Trinker, that heat map looks good. The scales are all the same now so when I look at a certain point on one graph then I know it's the same time point on the other graph, but a nice transformation of the data now would be to look at a time point (say Dason at 8 PM) across all the days. Maybe just take the median value. Do that for all time points. Then we'd have a composite single graph representing what hour people are the busiest. With Vinux's star graph, this composite can also be done by day, so we can see which hour people are most active on a given day given all the days data we have.

trinker

ggplot2orBust
@BG I tried median and it wasn't informative except for three people so I used mean instead.

Code:
ggplot(x3, aes(hour, person, group=person)) + geom_tile(aes(fill = rescale),
colour = "white") + scale_fill_gradient(low = "white",
high = "darkblue") + theme_grey() + labs(x = "",
y = "") + scale_x_discrete(expand = c(0, 0)) +
scale_y_discrete(expand = c(0, 0)) + theme(legend.position = "none",
axis.ticks = element_blank(), axis.text.x = element_text(angle = -90,
vjust = .1, colour = "grey50"))

spunky

Can't make spagetti
lol @ trinker & Dason being close together... the eternal battle of the bots VS the raptors will continue forever...

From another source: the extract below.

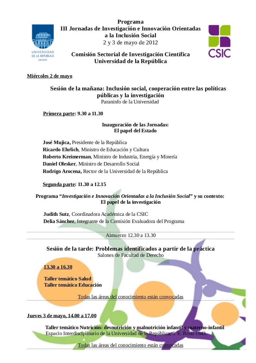 [Todos] Programa Jornadas de Investigación e Innovación para la Inclusión Social-UdelaR

ps- so... why am i associated with jimmy brooks?

trinker

ggplot2orBust
If you're talking about Vinux's it's because you both speak during the same time intervals. However we don't know if it's on the same day. Also Jimmy Brooks has almost no words spoken (see below):

This gives some basic word statistics (ignore sentence because I didn't break it up by sentence; that's more our turns of talk or chat inputs).
Code:
library(qdap); library(talkstats)
dat <- ts_chatbox()
with(dat, word_stats(dialogue, person))
Here's a link to a txt data frame of the stats as it's pretty long: LINK

vinux

Dark Knight
If you're talking about Vinux's it's because you both speak during the same time intervals. However we don't know if it's on the same day. Also Jimmy Brooks has almost no words spoken (see below):

This gives some basic word statistics (ignore sentence because I didn't break it up by sentence; that's more our turns of talk or chat inputs).
Code:
library(qdap); library(talkstats)
dat <- ts_chatbox()
with(dat, word_stats(dialogue, person))
Here's a link to a txt data frame of the stats as it's pretty long: LINK
Trinker, I used the old data for my last graphs, where jimmy was one other top ten. For clustering my idea was to identify the timezone (Just because we have the reference so it can easily comparable). I mean the variable I have created in that way.